■ PROBLEM REQUIREMENTS
From the data that follows, set down exactly the lines from the one with "Het perceel waarop" through the one with "Figura 11: Precipitacions", counting both. Pictures stay out.

■ ENTRIES SHOWN
Segment Open

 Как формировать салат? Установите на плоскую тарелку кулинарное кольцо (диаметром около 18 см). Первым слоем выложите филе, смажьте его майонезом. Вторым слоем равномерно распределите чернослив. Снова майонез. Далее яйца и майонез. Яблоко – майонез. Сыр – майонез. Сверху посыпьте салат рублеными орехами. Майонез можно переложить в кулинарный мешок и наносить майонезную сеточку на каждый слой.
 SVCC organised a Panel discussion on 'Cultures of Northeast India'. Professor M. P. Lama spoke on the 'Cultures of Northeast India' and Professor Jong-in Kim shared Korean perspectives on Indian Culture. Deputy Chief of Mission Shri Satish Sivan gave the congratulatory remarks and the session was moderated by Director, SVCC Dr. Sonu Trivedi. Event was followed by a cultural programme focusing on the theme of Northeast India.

Segment Closed
Segment Open

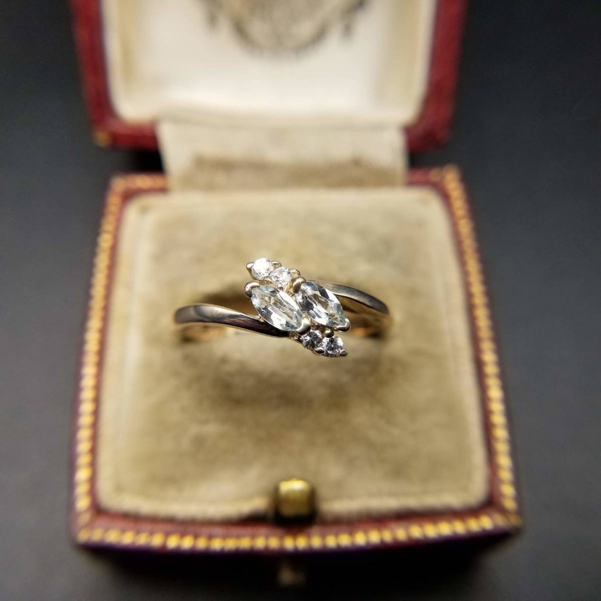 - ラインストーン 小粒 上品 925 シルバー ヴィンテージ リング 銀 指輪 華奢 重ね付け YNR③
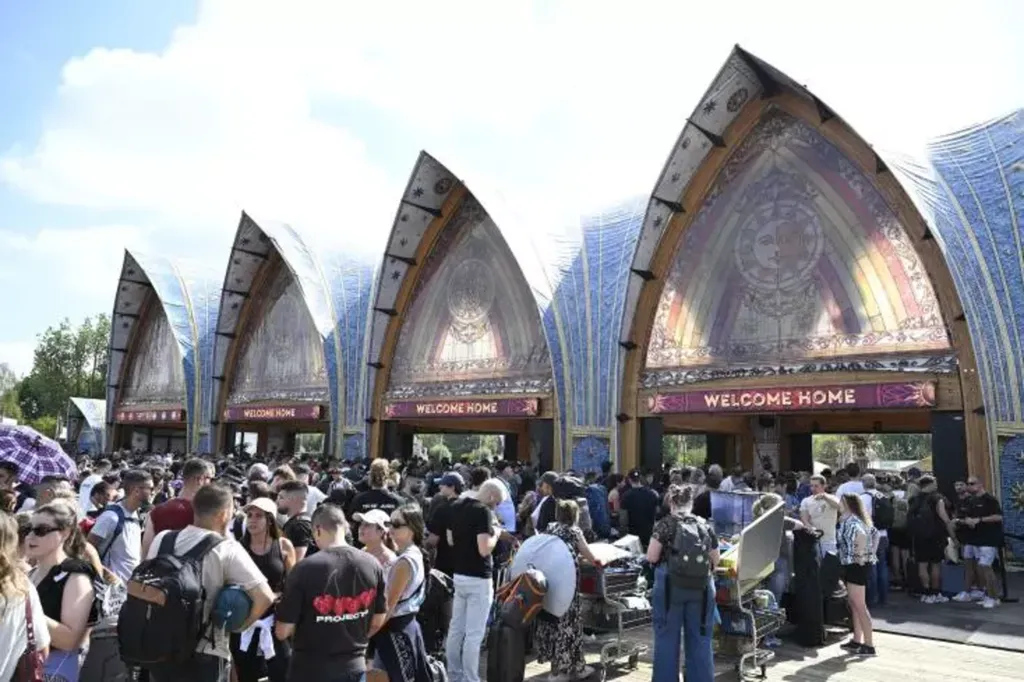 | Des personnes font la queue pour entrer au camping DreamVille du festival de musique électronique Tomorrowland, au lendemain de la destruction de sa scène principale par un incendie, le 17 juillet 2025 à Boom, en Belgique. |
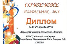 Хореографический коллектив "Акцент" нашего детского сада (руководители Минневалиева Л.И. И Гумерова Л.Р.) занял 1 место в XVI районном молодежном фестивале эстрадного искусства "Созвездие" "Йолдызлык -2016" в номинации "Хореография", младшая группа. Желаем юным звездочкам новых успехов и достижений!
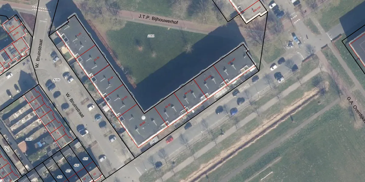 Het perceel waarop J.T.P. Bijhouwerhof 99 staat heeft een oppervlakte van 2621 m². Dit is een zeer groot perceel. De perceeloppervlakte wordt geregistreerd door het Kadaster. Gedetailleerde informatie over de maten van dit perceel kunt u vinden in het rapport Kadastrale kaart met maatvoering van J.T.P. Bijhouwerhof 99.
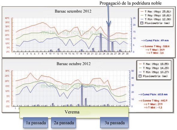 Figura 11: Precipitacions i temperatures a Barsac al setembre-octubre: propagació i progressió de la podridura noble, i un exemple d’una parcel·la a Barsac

Segment Closed
Segment Open

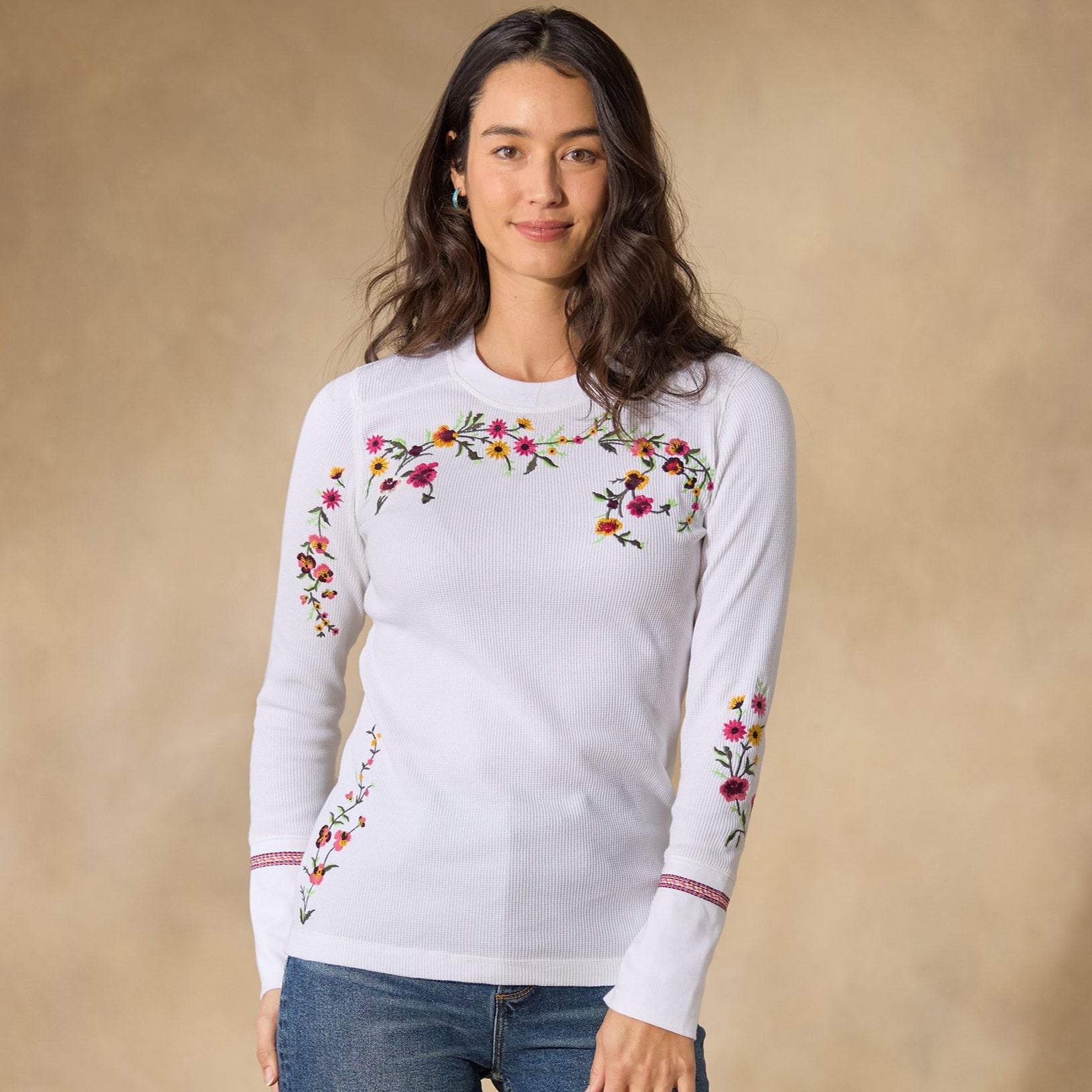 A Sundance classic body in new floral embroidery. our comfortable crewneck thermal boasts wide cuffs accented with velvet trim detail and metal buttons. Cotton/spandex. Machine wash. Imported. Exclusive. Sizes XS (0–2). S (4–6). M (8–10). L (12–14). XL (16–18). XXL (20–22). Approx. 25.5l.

Segment Closed

■ RESPONSE TO THIS TASK
 Het perceel waarop J.T.P. Bijhouwerhof 99 staat heeft een oppervlakte van 2621 m². Dit is een zeer groot perceel. De perceeloppervlakte wordt geregistreerd door het Kadaster. Gedetailleerde informatie over de maten van dit perceel kunt u vinden in het rapport Kadastrale kaart met maatvoering van J.T.P. Bijhouwerhof 99.
 Figura 11: Precipitacions i temperatures a Barsac al setembre-octubre: propagació i progressió de la podridura noble, i un exemple d’una parcel·la a Barsac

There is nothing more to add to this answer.